If four dice are drawn, the total number of throws is ${6^4} = 1296$.
The number of sample spaces is the number of throws.
$n(s) = 1296$.
The condition is that the sum of the numbers appearing on them is $13$.
To find the throws which satisfy the condition, we have to use permutations.
The values on the dice are $1,2,3,4,5$and $6$.
The possible ways of getting $13$as a sum are \[
  (1,1,5,6),(1,2,4,6),(1,3,3,6),(1,2,5,5),(1,3,4,5) \\
  (2,2,6,3),(2,2,5,4),(3,3,2,5),(3,3,3,4),(4,4,4,1),(4,4,3,2) \\
 \]
We have to find each permutations,
Permutation of $(4,4,3,2)$
$
  P(4,4,3,2) = \dfrac{{4!}}{{2!}} \\
  P(4,4,3,2) = 12 \\
 $
Permutation of $(4,4,4,1)$
$
  P(4,4,4,1) = \dfrac{{4!}}{{3!}} \\
  P(4,4,4,1) = 4 \\
 $
Permutation of $(3,3,3,4)$
$
  P(3,3,3,4) = \dfrac{{4!}}{{3!}} \\
  P(3,3,3,4) = 4 \\
 $
Permutation of $(3,3,2,5)$
$
  P(3,3,2,5) = \dfrac{{4!}}{{2!}} \\
  P(3,3,2,5) = 12 \\
 $
Permutation of $(2,2,5,4)$
$
  P(2,2,5,4) = \dfrac{{4!}}{{2!}} \\
  P(2,2,5,4) = 12 \\
 $
Permutation of $(2,2,3,6)$
$
  P(2,2,3,6) = \dfrac{{4!}}{{2!}} \\
  P(2,2,3,6) = 12 \\
 $
Permutation of $(1,1,5,6)$
$
  P(1,1,5,6) = \dfrac{{4!}}{{2!}} \\
  P(1,1,5,6) = 12 \\
 $
Permutation of $(1,2,4,6)$
$
  P(1,2,4,6) = 4! \\
  P(1,1,5,6) = 24 \\
 $
Permutation of $(1,3,3,6)$
$
  P(1,3,3,6) = \dfrac{{4!}}{{2!}} \\
  P(1,3,3,6) = 12 \\
 $
Permutation of $(1,2,5,5)$
$
  P(1,2,5,5) = \dfrac{{4!}}{{2!}} \\
  P(1,2,5,5) = 12 \\
 $
Permutation of $(1,3,5,4)$
$
  P((1,3,5,4)) = 4! \\
  P((1,3,5,4)) = 24 \\
 $
By adding all the permutation, we will get to know the number of events that satisfy the condition, such as
$n(A) = 12 + 24 + 12 + 12 + 24 + 12 + 12 + 12 + 4 + 4 + 12$
By adding the terms in the above equation, we will get
$n(A) = 140$
As we know the formula for probability $p(A) = \dfrac{{n(A)}}{{n(s)}}$.

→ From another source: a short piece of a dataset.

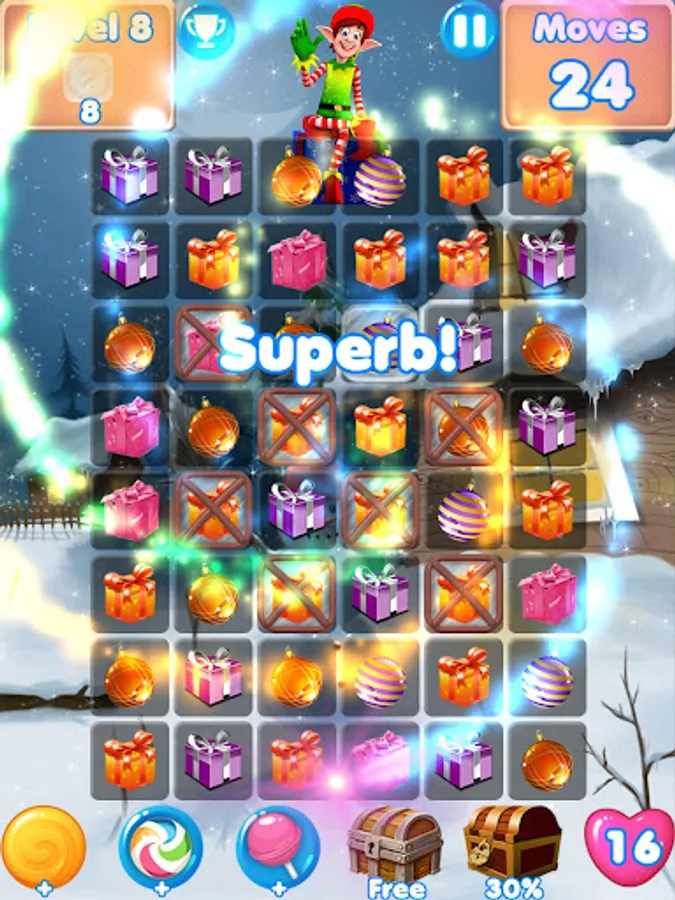 ❄️Play Christmas Games Puzzle MATCH 3 GAMES free! So much ice in this match three game . Get a Christmas trophy after after every level! How many can you collect! Can you be the best in all the winter land!

Substituting $n(A) = 140$and $n(s) = 1296$,
$p(A) = \dfrac{{140}}{{1296}}$
By dividing the numerator and the denominator to an extent, we get
$p(A) = \dfrac{{35}}{{324}}$
The probability that the sum of the numbers appearing on them is $13$, is $\dfrac{{32}}{{324}}$.

Note: Remember to find the sample space first be careful while selecting it because there would be differences. Careful while taking values that satisfy the equation. The formula for the finding probability is the number of values that satisfy the condition to the number of sample spaces.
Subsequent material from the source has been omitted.